Daily Archives: February 6, 2019

So You Need a Sourcing Platform That’s Next-Gen To You. Where Do You Start? Part III

In Part II we noted that there’s no single right answer or easy answer here as it’s very situational. And even though some consultants will always tell you to start with Sourcing and others with Procurement, they’re obviously not always right. Sometimes both are right, but usually neither are right. Because sometimes you start with Supplier Management. Other times you start with Contract Management.

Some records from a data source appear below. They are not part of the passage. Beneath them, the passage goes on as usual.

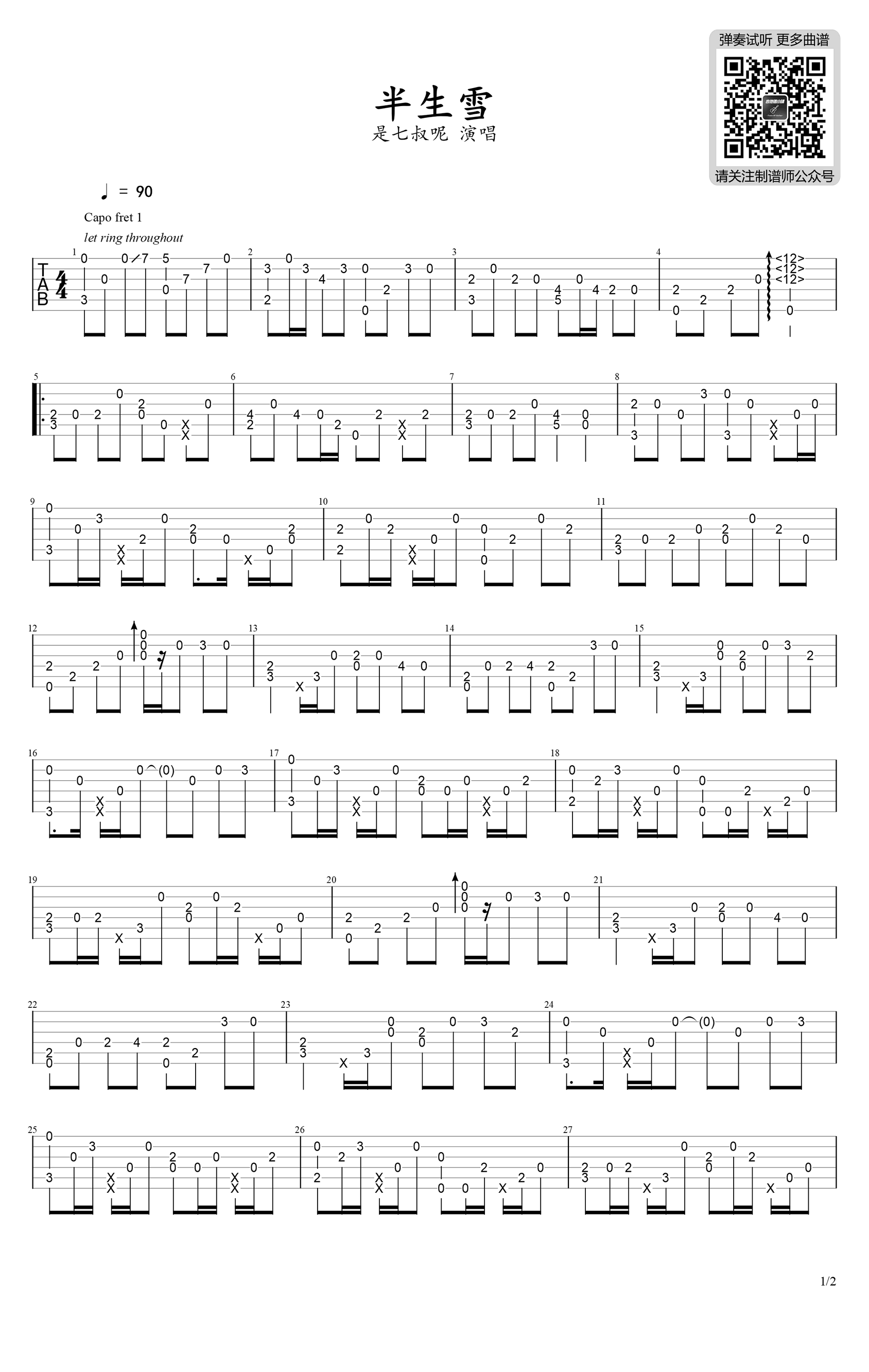 曲谱介绍: 半生雪指弹吉他谱,改编自是七叔呢的一首热门古风歌曲。半生雪吉他独奏谱,简单版编配,两张图片谱。感谢卿是我呢出品分享,琴谱网更新上传。
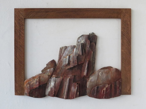 Pieza única de arte mural de madera pintada. Artista Eric van Solm. Formación: Willem de Kooning, Róterdam, 1980-1985, Departamento de Diseño Plástico y Espacial. Registrado en el R.K.D.
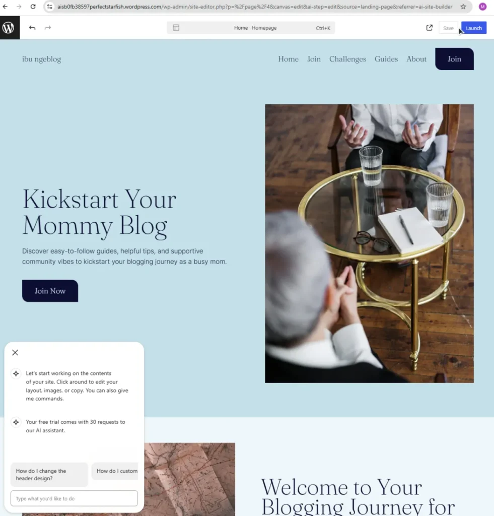 Bagi mamah yang nggak paham mengenai desain web, bisa minta masukan ke AI untuk gambaran tampilan blog kita. Misalnya kita menulis blog parenting dan akan menulis topik tertentu, kita bisa menulis prompt/perintah menanyakan palet warna atau font yang cocok.
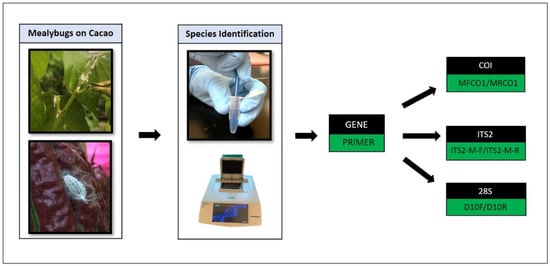 Mealybugs feeding on virus-infected trees of Theobroma cacao were identified using COI, ITS2, and 28S markers amplified and sequenced using MFCO1/MRCO1, ITS2-M-F/ITS2-M-R, and D10F/D10R primers.
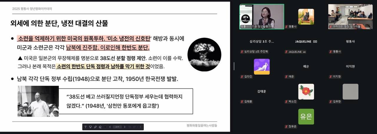 [2025 청년평화아카데미_대표강좌] 1/13 분단 81년, 자주, 평화 실현의 길을 비추는 한반도 평화통일!

But, in fact, absolutely speaking, neither are right. You start with analytics and strategic situational analysis based on analytics to figure out whether the problem is:

  • you can’t do enough sourcing events
  • your events are generating limited returns
  • you can’t find the right suppliers
  • you have to (quickly) ensure compliance with a newly introduced regulation
  • your over-spend, and need for audit recovery, is too high
  • your maverick spend is too high
  • you need to get your services spend under control
  • you are unsure of where your best opportunities lie

or

  • your suppliers are under performing on quality and related metrics
  • your deliveries are regularly late
  • your (internal) customers are unable to get the information they need when they need it
  • Finance is taking regular hissy fits about lack of timely cash flow insights
  • etc.

More specifically, you start with analytics on:

  • spend
  • (spend vs) contracts
  • cashflow and discounts
  • event throughput
  • performance metrics
  • inventory and logistics

Only then can you understand how the organization is performing and where it’s biggest problems lie. An analysis of spend might find that maverick spend is high, but the estimated overspend is at most 4%, but poor payment processes are actually costing the organization 4% interest (because it signed contracts with late payment penalties) as well as a 2% savings opportunity as a result of lost early payment discount opportunities (which it can afford as the majority of its customers pay on time). In this situation, while the organization might be tempted to get an e-Sourcing or catalog application to help reduce maverick spend, it should actually start with an I2P system to get invoices and payments under control. And so on.

Remembering that big bang implementation efforts always result in a very destructive big bang, do the analysis and start with the right platform application. Then, add one by one based on problem severity until you finally have a full end-to-end S2P platform implemented and utilized on a daily basis, which could be 18 to 36 months in the future, no matter how fast that SaaS vendor can flip the switch.